Other case when it's useful is refractoring, when you add some functionality and a parameter for it to a function, and don't want to break the old code. For example, strlen(const char* s) computes the distance to the first \0 character in a string. You could need to look for another characted, so that you'll write a more generic version: strlen(const char* s, char c='\0'). This will reuse the code of your old strlen without breaking compatibility with old code.
The main problem of default values is that when you review or use code written by others, you may not notice this hidden parameter, so you won't know that the function is more powerful than you can see from the code.
Also, google's coding style suggests avoiding them.

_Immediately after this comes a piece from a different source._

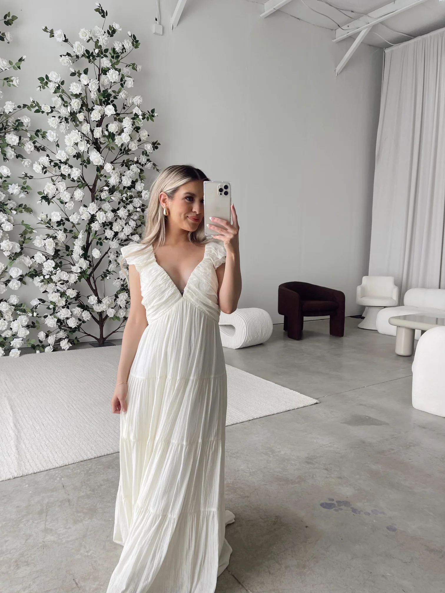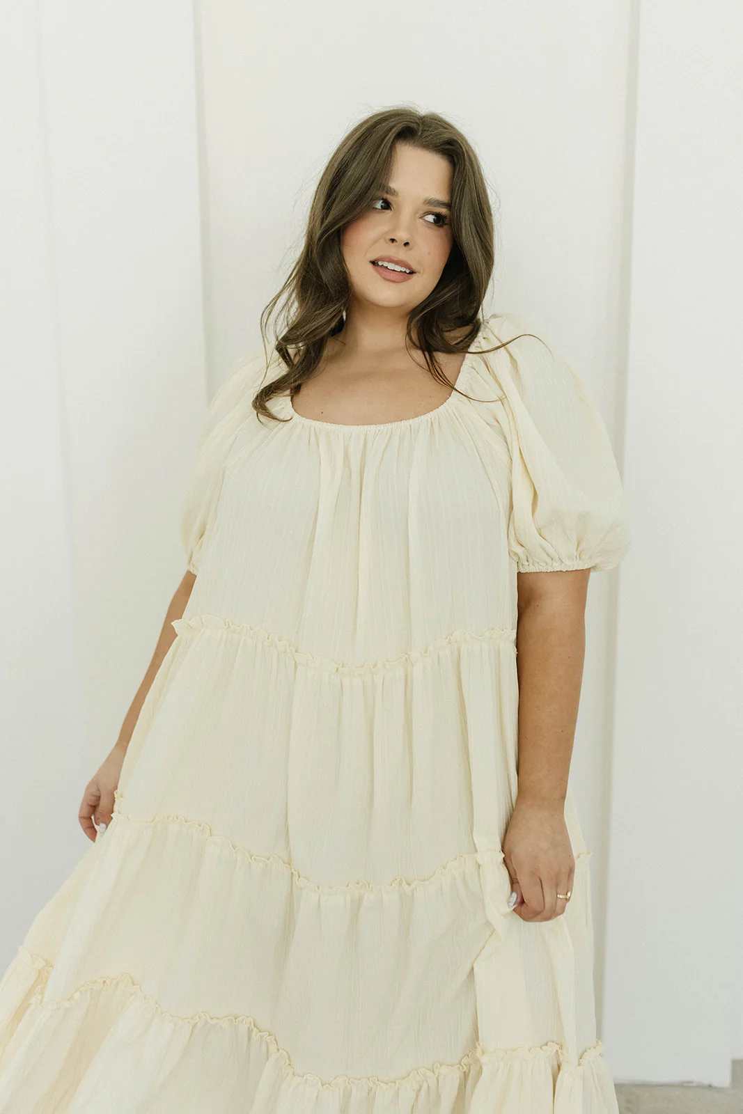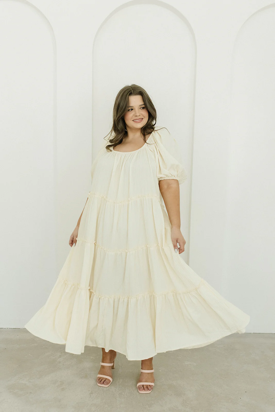 Eva Puffed Sleeve Maxi Dress in Cream - Bump Friendly & Inclusive Sizing (S-3XL)

A default parameter is a function parameter that has a default value provided to it. If the user does not supply a value for this parameter, the default value will be
used. If the user does supply a value for the default parameter, the user-supplied value is used.
In computer programming, a default argument is an argument to a function that a programmer is not required to specify. In most programming languages, functions may take one or more arguments. Usually, each argument must be specified in full (this is the case in the C programming language)
Advantages of using default parameter, as others have pointed out, is indeed the "clarity" it brings in the code with respect to say function overloading.
But, it is important to keep in mind the major disadvantage of using this compile-time feature of the language: the binary compatibility and default function parameter does not go hand in hand.
For this reason, it is always good to avoid using default params in your API/interfaces classes. Because, each time you change the default param to something else, your clients will need to be recompiled as well as relinked.
Symbian has some very good C++ design patterns to avoid such BC.
Default parameters are better to be avoided.
let's consider the below example
int DoThis(int a, int b = 5, int c = 6) {}
Now lets say you are using this in multiple places
Place 1: DoThis(1);
Place 2: DoThis(1,2);
Place 3: DoThis(1,2,3);
Now you wanted to add 1 more parameter to the function and it is a mandatory field (extended feature for that function).
int DoThis(int a, int x, int b =5, int c=6)
Your compiler throws error for only "Place 1". You fix that. What about other others?
Imagine what happens in a large project? It would become a nightmare to identify it's usages and updating it rightly.
Always overload:
int DoThis(int a) {}
int DoThis(int a, int b {}
int DoThis(int a, int b, int c) {}
int DoThis(int a, int b, int c, int x) {}